The receptionist at the hospital told us that we would need to go to one floor to register then to another to make and appointment to see the doctor. What she couldn't tell us is how much this would cost. Seeing a doctor without knowing the cost could prove to be a pricey mistake and neither of us wanted to waste ages registering only to find it would cost
a fortune. We bypassed the registering and took the lift straight up to the nurse in the hope we could blag some information. We made it past the reception and found the nurses station. We were lucky enough to find someone helpful. However it did take us a while to realise that she had spent the last 10 minutes on the phone trying to book a malaria test for us. After another 10 minutes trying to explain that we didn't have malaria, but wanted to stop ourselves catching it, she made some more phone calls and came back with bad news. The malaria tablets we needed for Andy are not available in Thailand. This could cause a problem. We did the only thing we could think of. We found a bar, ordered a beer and discussed our options.

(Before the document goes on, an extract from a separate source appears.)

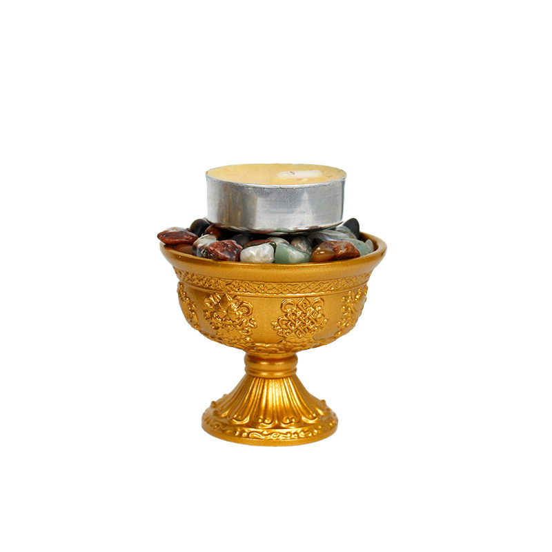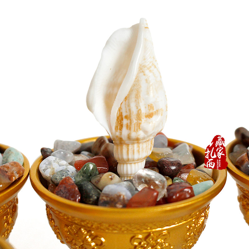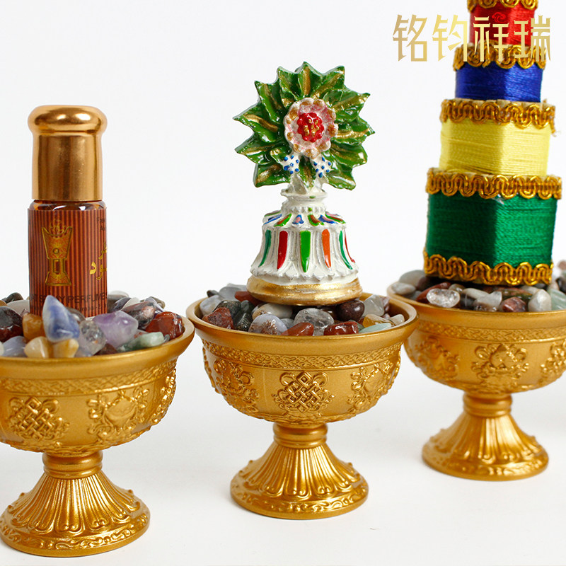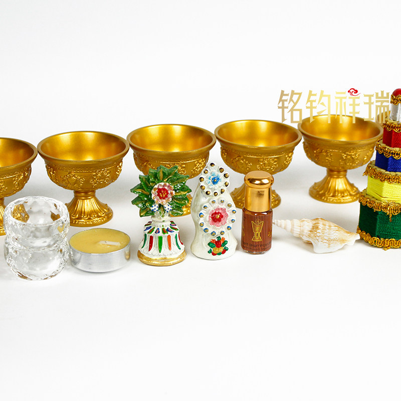 藏式砂金八吉祥供水杯八供全套八宝水碗 佛前摆件供碗七宝石朵玛

It took some searching on the internet, phone calls, texts and much help from family and friends but we finally had a solution. My parents found the cheapest place to buy the tablets and arranged for my doctor to print new prescriptions. Andy's dad collected the prescription and tablets and dropped them with Pete who would bring them with him. We
were lucky Pete was coming otherwise our only other option would have been to fly to Kuala Lumpur for them!
That evening we walked around the corner for dinner. Hot and sour seafood soup for me and green curry for Andy which was so good he still hasn't stopped talking about it. As an added bonus we found that it was happy hour from 3-9pm every day meaning cocktails were 120bht (£2.30) but were buy one get one free. The mojito was particularly good. Somehow I had a feeling this wouldn't be the last time we would come here!
After sampling a few cocktails we went back to the hotel for a beer. We got chatting to a Canadian guy who had been living in India for over 20 years. He had a lot of really interesting stories to tell so we ended staying up much later than planned.
At about 3am I could see that Andy was struggling to keep his eyes open, so we excused ourselves and went to bed. At this point I should tell you that Andy was not struggling to keep his eyes open because he was tired. It was because he
was totally legless!
As we walked along the corridor to our room he bashed from wall to wall like a pinball. Back in the room he collapsed on the bed and started to whine. It was mostly gibberish but I managed to figure out he had Mosquito bites on his feet and wanted me to put some tiger balm on them. He pointed to the first bite, then the second. I asked him if there were any more "yesh loadssss" he slurred. But when I asked him to point to them he kept pointing at the same two over and over forgetting where he had last pointed. After going round in circles for quite some time I gave up and went to sleep. Andy was asleep and snoring instantly.